## YOUR INSTRUCTIONS
Retype exactly what appears below from the line containing "The new Microsoft" down to the line containing "The Miura stool", keeping both end lines. Do not include pictures.

*** Opening INFORMATION ***

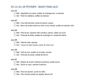 • 4 semaines complètes de menus
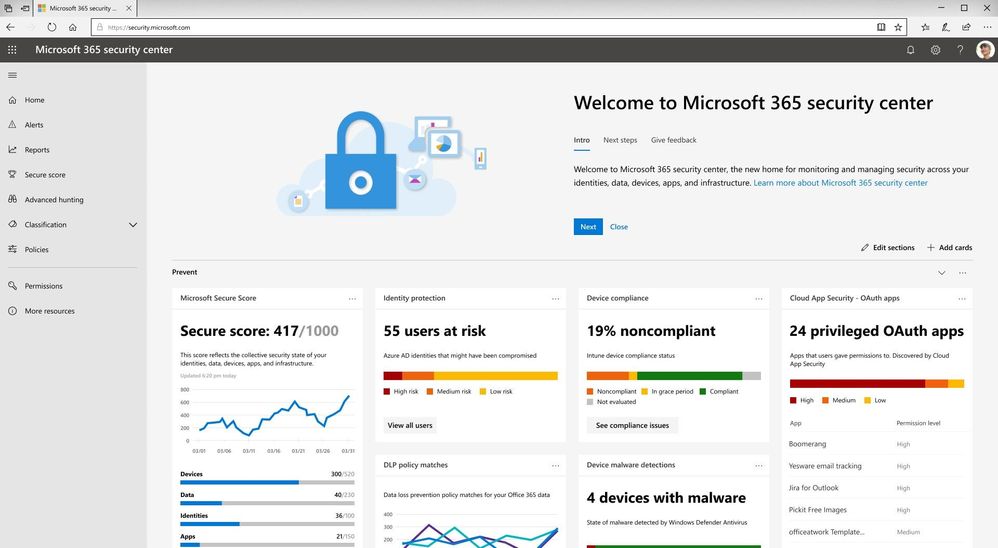 The new Microsoft 365 security center provides security administrators and other risk management professionals with a centralized hub and specialized workspace that enables them to manage and take full advantage of Microsoft 365 intelligent security solutions for identity and access management, threat protection, information protection, and security management. With it they’ll gain the visibility, control, and guidance necessary to understand and act on the threats that their organization is facing today, have faced in the past, and may face in the future.
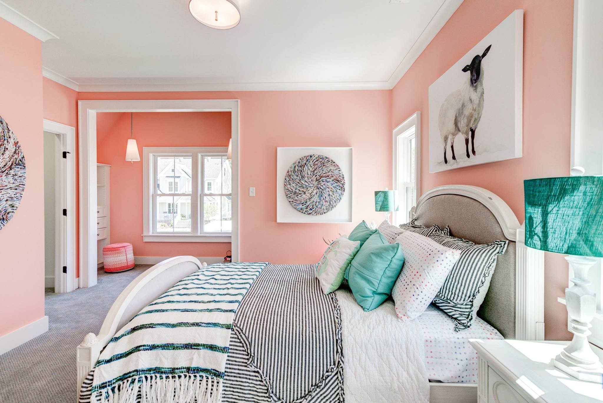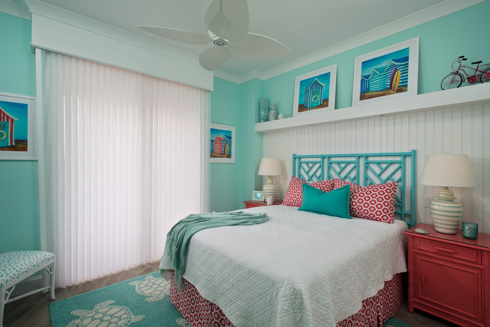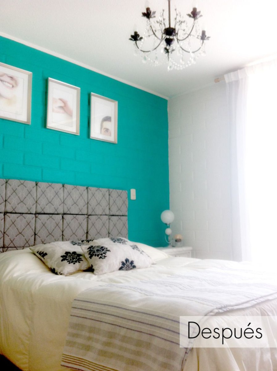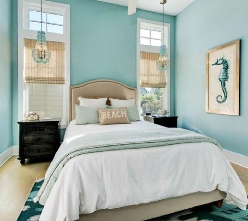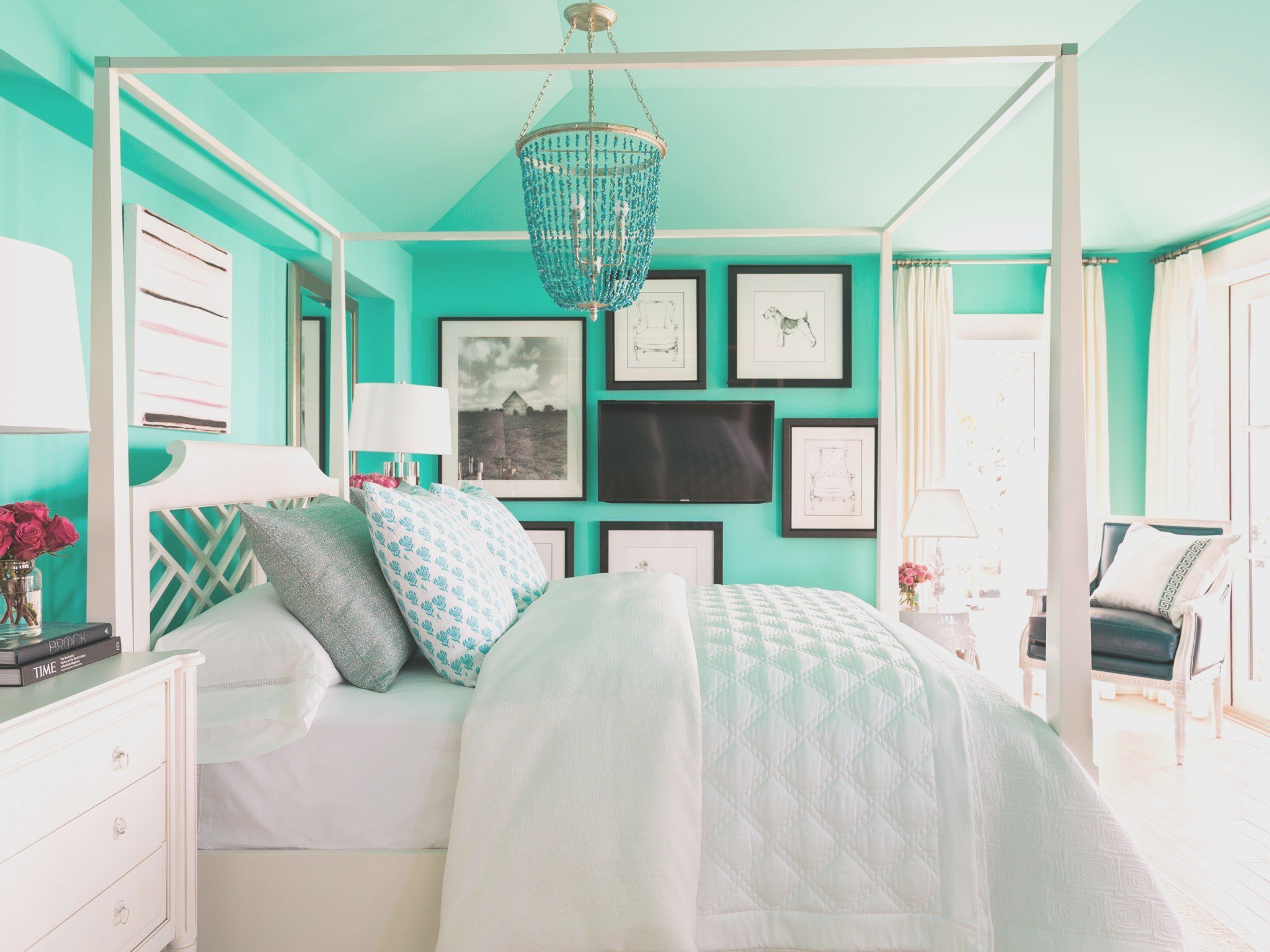 Спальня в современном стиле в светлых тонах с зеленым покрывалом
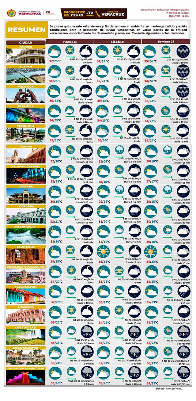 Se prevé que durante este viernes y fin de semana el ambiente se mantenga cálido y existan condiciones para la presencia de lluvias vespertinas en varias partes de la entidad veracruzana, especialmente las de montaña y zona sur. Consulte siguientes actualizaciones.
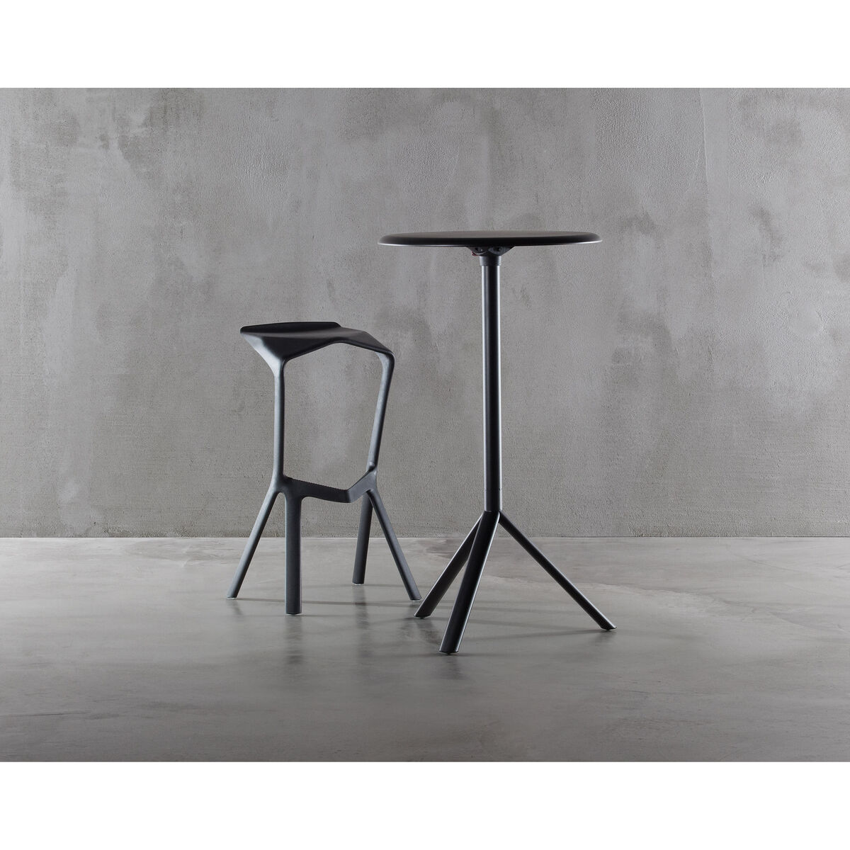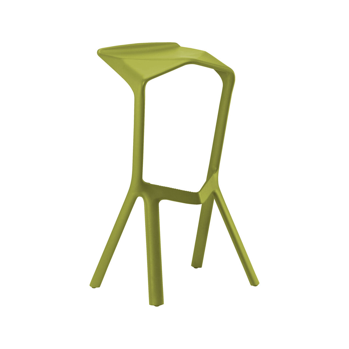 The Miura stool features a faceted seat that maintains a pleasing visual connection to the raked vertical supports. It exemplifies Grcic's approach: its angular structure makes it extremely stable but, because it is made from a single piece of fibreglass-reinforced polypropylene, it flexes comfortably. Miura's materials and shape are heavily informed by the modern industrial production process. Miura is made of reinforced polypropylene (2,5 times stronger than aluminium) produced (injected) in one block. The innovative injecting technology as well as the requirement to develop a barstool for contract and domestic environments, has lead to the characteristic form of Miura. Optically this stackable stool has a truly dynamic form, of which construction and ergonomics are developing into a powerful and expressive harmony.
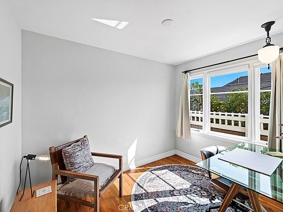 AVAILABLE for Winter and Summer 2026. This quintessential meets coastal modern home comes fully Air-Conditioned and turnkey Furnished with 3 bedrooms + 1 Den + 1 Office starting June 1st. This is an exclusive opportunity to rent on one of the most desirable hometown streets of Laguna Beach, right in the heart of our community, with a real taste for our local vibe and yet a short walk to the best beaches, restaurants and shops. Great curbside appeal, and meticulously landscaped front entry accented with long driveway for easy two car tandem parking and ocean views. Walk through a priceless home that showcases pride of ownership and is completely furnished and ready for your next Laguna adventure. This lovely home offers light and bright vaulted ceilings with a coffered living room fireplace, real hardwood floors throughout, gas appliances, and air conditioning. Spacious galley kitchen with farmhouse sink and side access to rear sun patio that is privately enclosed with outside hot and cold shower to wash off beach sand. Third bedroom is detached from the main house with an adjoining room with a closet and space for an office. Two bedrooms in the main house includes a second full bath with bathtub and spacious ensuite main bedroom. Stackable washer and dryer for laundry in closet.
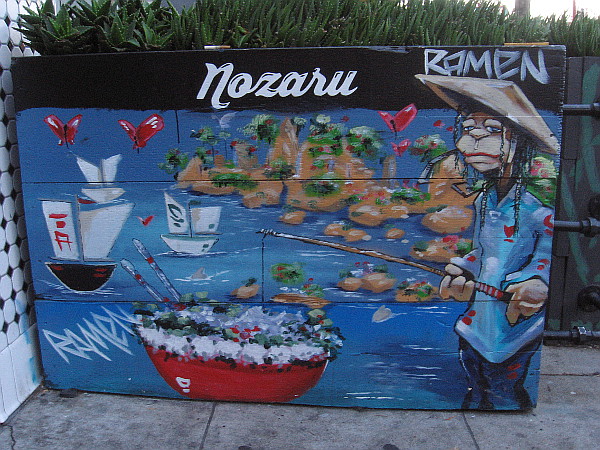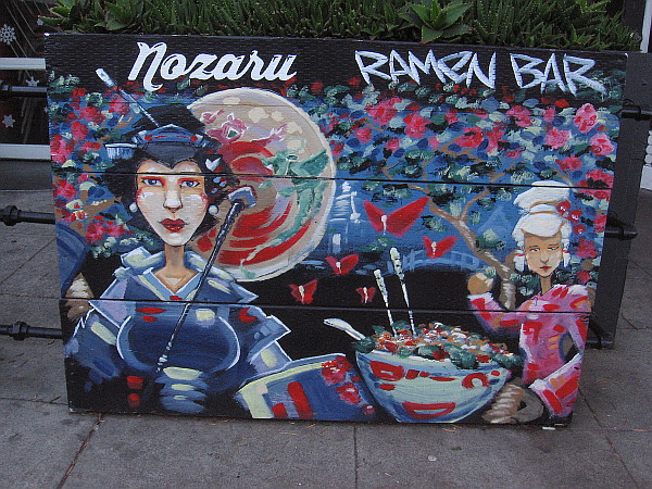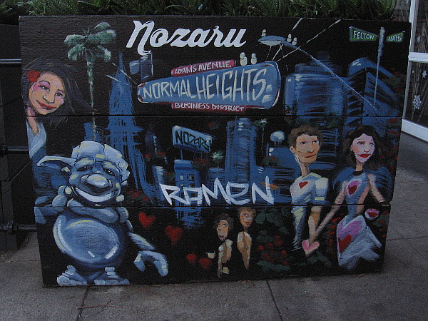 I love this cool artwork out on the sidewalk in front of Nozaru Ramen Bar in Normal Heights!
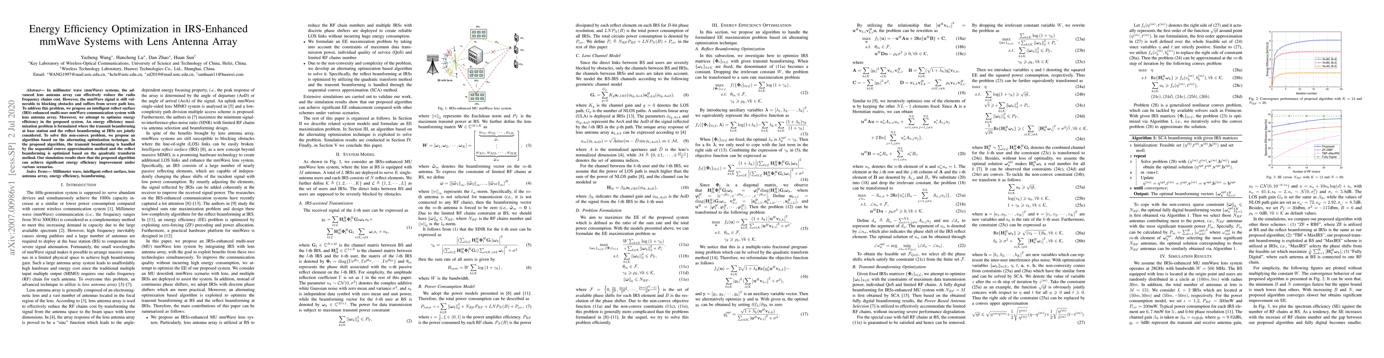 This paper proposes an IRS-enhanced mmWave system with lens antenna arrays to optimize energy efficiency, addressing mmWave's vulnerability to obstacles and path loss. An algorithm based on alternating optimization maximizes energy efficiency by jointly optimizing transmit and reflect beamforming, achieving significant improvements in simulations.

*** Closing INFORMATION ***

## OUTPUT BELOW
 The new Microsoft 365 security center provides security administrators and other risk management professionals with a centralized hub and specialized workspace that enables them to manage and take full advantage of Microsoft 365 intelligent security solutions for identity and access management, threat protection, information protection, and security management. With it they’ll gain the visibility, control, and guidance necessary to understand and act on the threats that their organization is facing today, have faced in the past, and may face in the future.
 Спальня в современном стиле в светлых тонах с зеленым покрывалом
 Se prevé que durante este viernes y fin de semana el ambiente se mantenga cálido y existan condiciones para la presencia de lluvias vespertinas en varias partes de la entidad veracruzana, especialmente las de montaña y zona sur. Consulte siguientes actualizaciones.
 The Miura stool features a faceted seat that maintains a pleasing visual connection to the raked vertical supports. It exemplifies Grcic's approach: its angular structure makes it extremely stable but, because it is made from a single piece of fibreglass-reinforced polypropylene, it flexes comfortably. Miura's materials and shape are heavily informed by the modern industrial production process. Miura is made of reinforced polypropylene (2,5 times stronger than aluminium) produced (injected) in one block. The innovative injecting technology as well as the requirement to develop a barstool for contract and domestic environments, has lead to the characteristic form of Miura. Optically this stackable stool has a truly dynamic form, of which construction and ergonomics are developing into a powerful and expressive harmony.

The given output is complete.